Talento não é Sabedoria
Deixa-me dizer-te francamente o juízo que eu formo do homem transcendente em génio, em estro, em fogo, em originalidade, finalmente em tudo isso que se inveja, que se ama, e que se detesta, muitas vezes. O homem de talento é sempre um mau homem. Alguns conheço eu que o mundo proclama virtuosos e sábios. Deixá-los proclamar. O talento não é sabedoria. Sabedoria é o trabalho incessante do espírito sobra a ciência. O talento é a vibração convulsiva de espírito, a originalidade inventiva e rebelde à autoridade, a viagem extática pelas regiões incógnitas da ideia. Agostinho, Fénelon, Madame de Staël e Bentham são sabedorias. Lutero, Ninon de Lenclos, Voltaire e Byron são talentos.

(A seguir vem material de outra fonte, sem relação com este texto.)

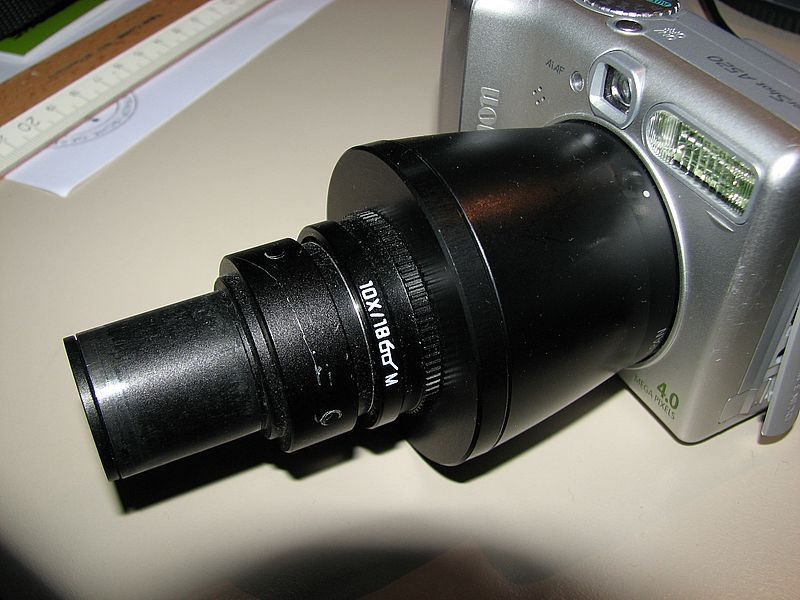 eigentlich nutze ich eine sehr einfache Kameraadaption: eine Canon Powershot A520 (die den Vorteil hat, per Programm komplett am PC fernsteuerbar zu sein) mit den  zugehörigen Filteradapter von Canon, einem Zwischenring von Klaus (52 mm Aussengewinde auf 28 mm Innengewinde) und einem Leica Periplan Okular mit angedrehtem 28 mm Gewinde.

Compara as vicissitudes dessas duas mulheres e os serviços prestados à humanidade por esses homens, e terás encontrado o antagonismo social em que lutam o talento com a sabedoria. Porque é mau o homem de talento ? Essa bela flor porque tem no seio um espinho envenenado ? Essa esplêndida taça de brilhantes e ouro porque é que contém o fel, que abrasa os lábios de quem a toca ? Aqui tens um tema para trabalhos superiores à cabeça de uma mulher, ainda mesmo reforçada por duas dúzias de cabeças académicas ! Lembra-me ouvir dizer a um doido que sofria por ter talento. Pedi-lhe as circunstâncias do seu martírio sublime, e respondeu-me o seguinte com a mais profunda convicção, e a mais tocante solenidade filosófica : os talentos são raros, e os estúpidos são muitos. Os estúpidos guerreiam barbaramente o talento : são os vândalos do mundo espiritual. O talento não tem partido nesta peleja desigual. Foge, dispara na retirada um tiroteio de sarcasmos pungentes, e, por fim, isola-se, segrega-se do contacto do mundo, e curte em silêncio aquele fel de vingança, que, mais cedo ou mais tarde, cospe na cara de algum inimigo, que encontra desviado do corpo do exército. Aí tem a razão por que o homem de talento é perigoso na sociedade. O ódio inspira-lhe a eloquência da traição.